2.          Apabila Saudara dalam posisi sebagai Advokat yang akan membela kepentingan hukum Indiana Auto.
a.    Putusan arbitrase ICA adalah putusan arbitrase internasional dan tidak mencantumkan titel eksekutorial berupa: “Demi Keadilan Berdasarkan Ketuhanan Yang Maha Esa”. Apakah putusan arbitrase ICA dapat dieksekusi di Indonesia?
b.    Upaya-upaya hukum apa yang akan saudara tempuh untuk dapat mengeksekusi putusan arbitrase ICA di Indonesia?
c.    Apa persyaratan-persyaratan yang harus dipersiapkan/dipenuhi untuk dapat mengeksekusi putusan arbitrase ICA di Indonesia?
d.   Apakah ada batas waktu untuk eksekusi putusan arbitrase ICA di Indonesia?
e.    Jika Indo Auto memiliki harta berupa tanah dan bangunan di Denpasar, Makassar dan Palembang, apakah harta kekayaan tersebut dapat disita?
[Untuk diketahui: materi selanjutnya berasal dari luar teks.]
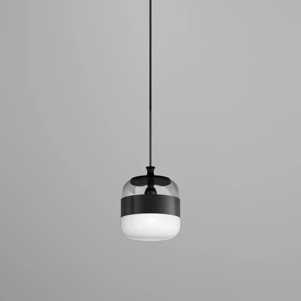 A collection of lamps made from a single piece of blown glass, whose particular workmanship, though, allows a double chromatic effect: transparent at the top, satin effect at the bottom. The following combinations of glass with metal ring are now available: white glass combined with matt black ring, smoky glass with brown ring, amber glass with painted brass ring. A new transparent crystal glass finish with copper or matt black ring is also available.Specifications:Material: GlassLight source: E26 ULNo of bulbs: 1×60W E26 UL (120V/60HZ)Dimmer: DIM 1Year: 2015Glass finish: White BlackFrame finish: Matt Black 1Dimensions: Ø 20 x 24 H cmCable length: 200 cmAvailable in other glass finish options: Crystal Black, Smoky Brown, Amber Brass, Crystal CopperAvailable in other frame finish option: Rame/NeroAvailable in other light source options: LED L22CC UL - $ 964, LED L23CC UL - $ 964, LED L32CC UL - $ 964, LED L33CC UL - $ 964Available in other No. of bulb options: 1x12W (35 V) for LED L22CC UL, LED L23CC UL, LED L32CC UL, LED L33CC ULAvailable in other lumens options: 1500 lm for LED L22CC UL, LED L23CC UL; 1600 lm for LED L32CC UL, LED L33CC ULAvailable in other kelvin options: 2700 K for LED L22CC UL, LED L23CC UL; 3000 K for LED L32CC UL, LED L33CC ULAvailable in other dimmer options: DIM 2 for LED L22CC UL, LED L32CC UL; DIM 3 for LED L23CC UL, LED L33CC ULAvailable in other size options: Medium (Ø 23cm), Large (Ø 40cm)Please inquire about customization options.
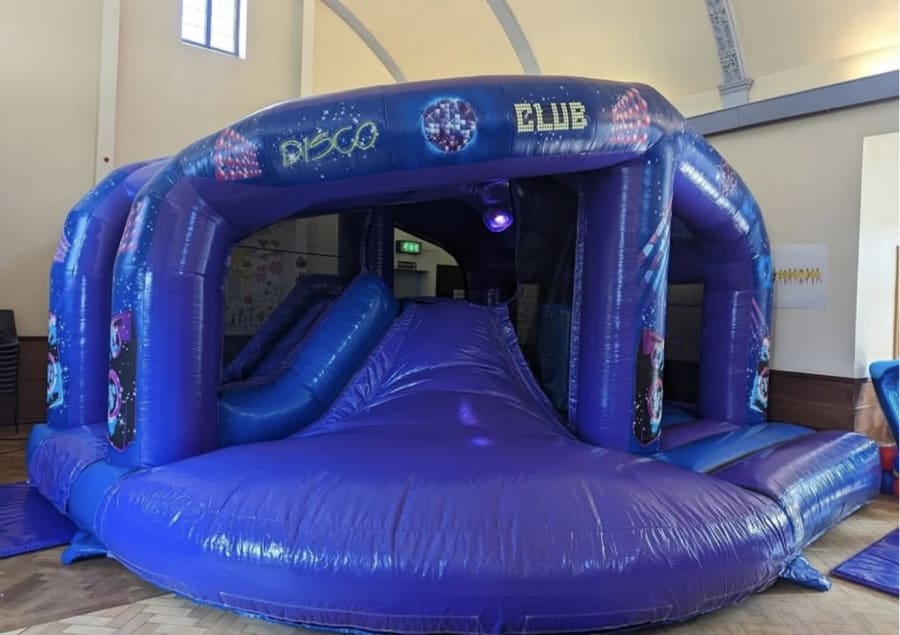 Our Disco Themed castle is perfect for any celebration for your Childs party.
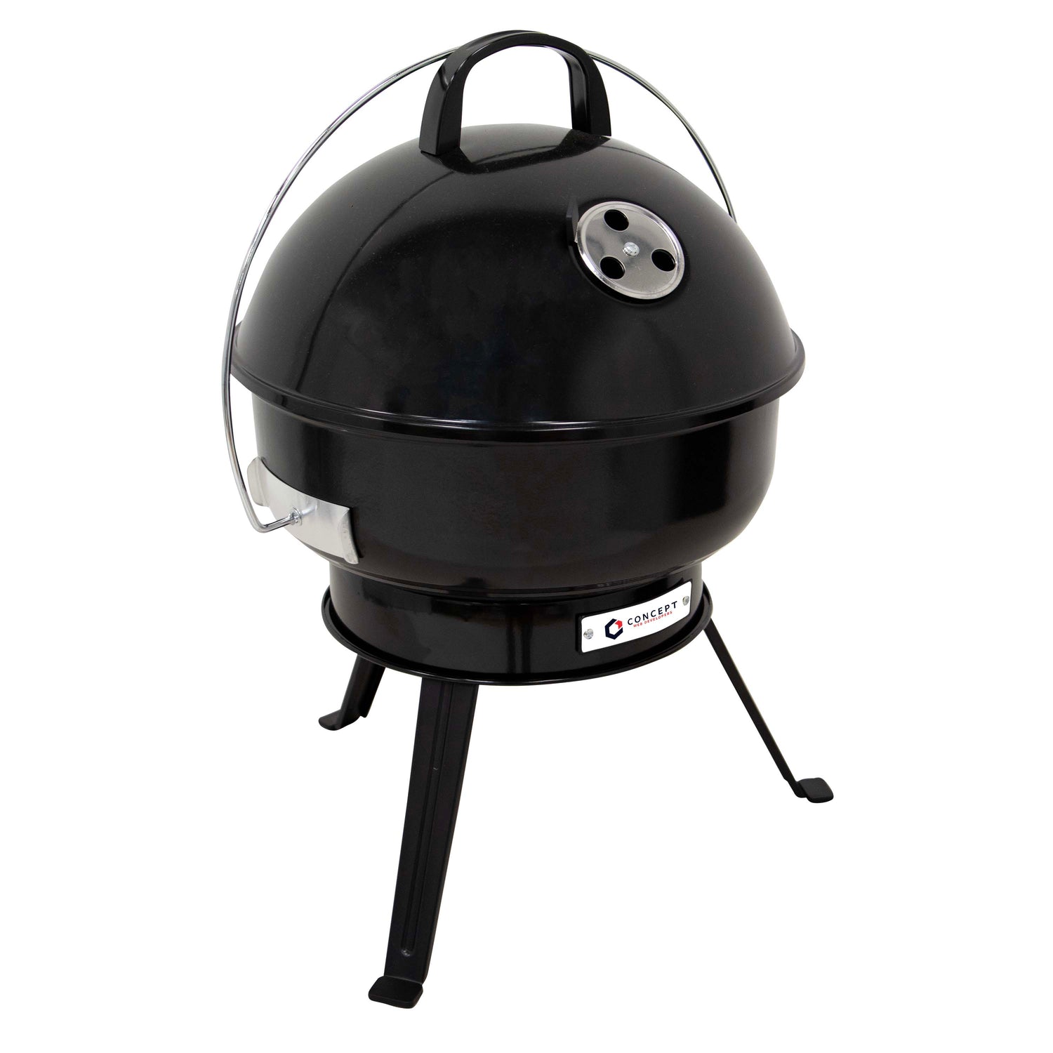 Portable kettle grill for camping or tailgaiting. Includes full color decal
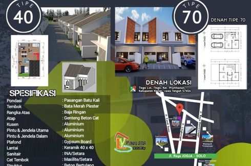 ‹ › 1/11 2 Bedroom House for sale in Tlogo, Central Java Klaten, Central Java RP 500,000,000 (RP 10,416,667 / m2) 2 1 48 m2 House Car park Garden Children's area Grill House for sale of 48sqm, consisting of 2 bedrooms and 1 bathroom located at Tlogo, Klaten. Facilities include: Car park, Garden, Children's area and Grill. Andre Wastu Call
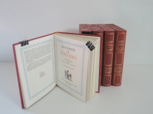 VOLTAIRE, LES CONTES, ARTS ET COULEURS JOSEPH PARDO, MONTE CARLO 1983. ILLUSTRATIONS DE DA ROS. 4 vol in 8°, 873/1630 sur vélin. Reliure éditeur en pleine peau maroquinée, tête or, dos et plats richement ornés de motifs dorés et estampés à...
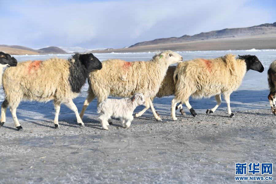 牧羊人扎西引導(dǎo)頭羊來到湖邊。他抱起一只小羊,向冰面踏出第一步,隨即羊群緩慢跟進。
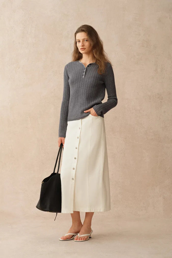 Mika Henley Neck Long Sleeve Top in Merino Wool Cable Knit
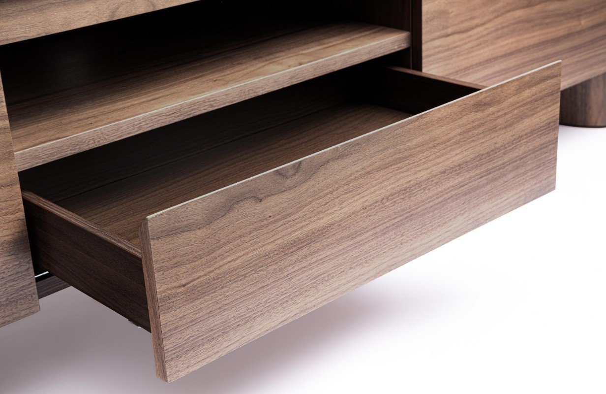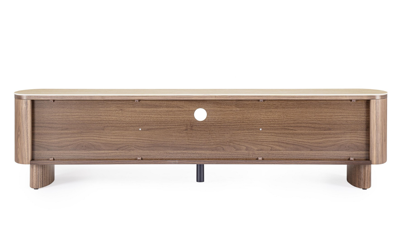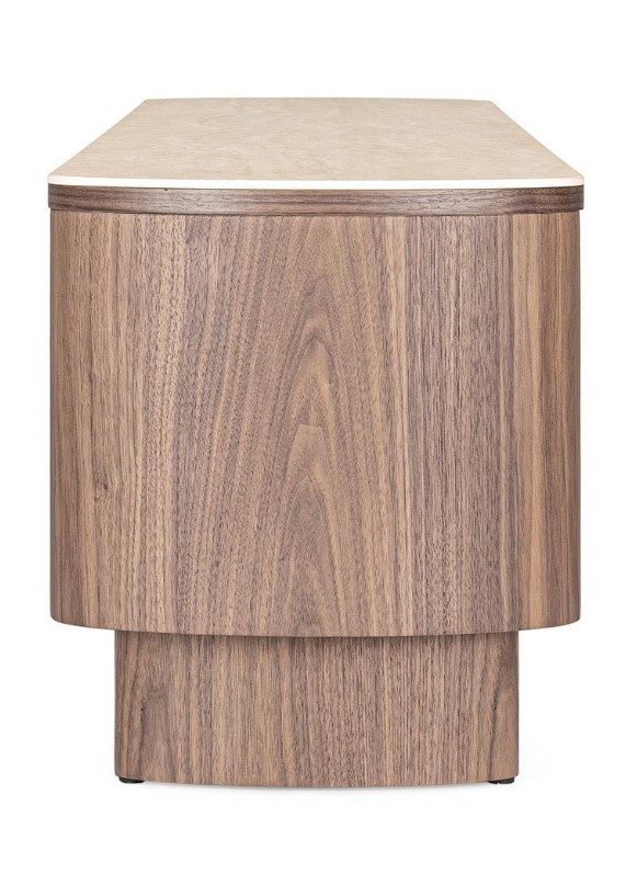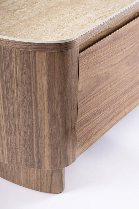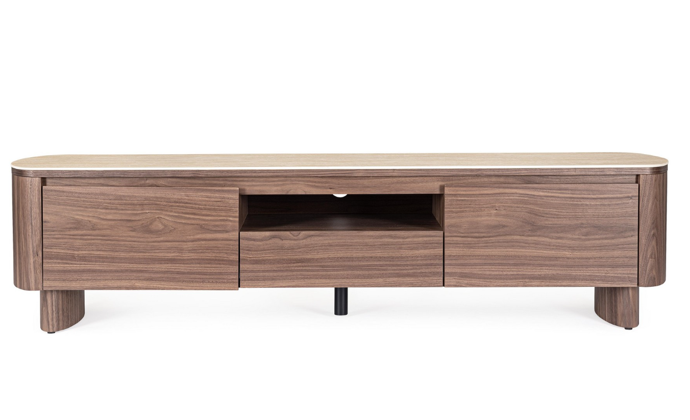 Un mueble de TV pensado para quienes buscan diseño y funcionalidad en una sola pieza. Su estructura y patas de DM chapado en nogal aportan un estilo cálido y elegante, mientras que el tablero de piedra sinterizada con efecto travertino añade un toque sofisticado y resistente al uso diario. Las dos puertas ofrecen espacio de almacenaje discreto y el cajón central permite mantener todo organizado. El acabado en pintura de poliuretano garantiza durabilidad y un aspecto impecable, y las bisagras de cierre suave aportan una experiencia de uso silenciosa y de calidad. Una pieza que eleva cualquier salón.

Jika dapat, bagaimana teknis penyitaannya?

C. Pembahasan
1.      Apabila kami dalam posisi sebagai Advokat yang akan membela kepentingan hukum Indo Auto:
a.       Gugatan kepada Indiana Auto akibat pengakhiran perjanjian secara sepihak tidak dapat diajukan ke Pengadilan di Indonesia.
Indiana Auto dan Indo Auto (selanjutnya disebut “para pihak”) telah menandatangani perjanjian-perjanjian yaitu Distributorship Agreement, Technical License Agreement dan Supply Agreement. Untuk ketiga perjanjian tersebut para pihak sepakat bahwa pilihan hukumnya adalah menggunakan Hukum Negara Republik India dan forum penyelesaian sengketa yang disepakati apabila timbul sengketa dikemudian hari akan diselesaikan melalui Indian Council of Arbitration (ICA) dengan peraturan dan prosedur yang berlaku di ICA, India. 
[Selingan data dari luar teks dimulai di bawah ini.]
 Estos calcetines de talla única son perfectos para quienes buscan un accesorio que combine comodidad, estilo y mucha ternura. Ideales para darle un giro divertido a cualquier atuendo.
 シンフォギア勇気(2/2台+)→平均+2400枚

Berdasarkan hal tersebut, gugatan kepada Indiana Auto akibat pengakhiran perjanjian secara sepihak tidak dapat diajukan ke Pengadilan Negeri Jakarta Pusat, karena Pasal 3 Undang-Undang Nomor 30 Tahun 1999 tentang Arbitrase dan Alternatif Penyelesaian Sengketa (Undang-Undang Arbitrase) mengatur ketentuan bahwa Pengadilan Negeri tidak berwenang untuk mengadili sengketa para pihak yang telah terikat dalam perjanjian arbitrase. Hal tersebut diatur lebih lanjut dalam Pasal 11 ayat (1) dan (2) Undang-Undang Arbitrase. Adanya suatu perjanjian arbitrase tertulis meniadakan hak para pihak untuk mengajukan penyelesaian sengketa atau beda pendapat yang termuat dalam perjanjiannya ke Pengadilan Negeri. Pengadilan Negeri wajib menolak dan tidak akan campur tangan di dalam suatu penyelesaian sengketa yang telah ditetapkan melalui arbitrase, kecuali dalam hal-hal tertentu yang ditetapkan dalam Undang-Undang Arbitrase. Oleh sebab itu, pertanyaan b dan c dalam rumusan masalah yakni:
b.    Apakah dasar gugatan yang akan saudara ajukan? Wanprestasi atau perbuatan melawan hukum?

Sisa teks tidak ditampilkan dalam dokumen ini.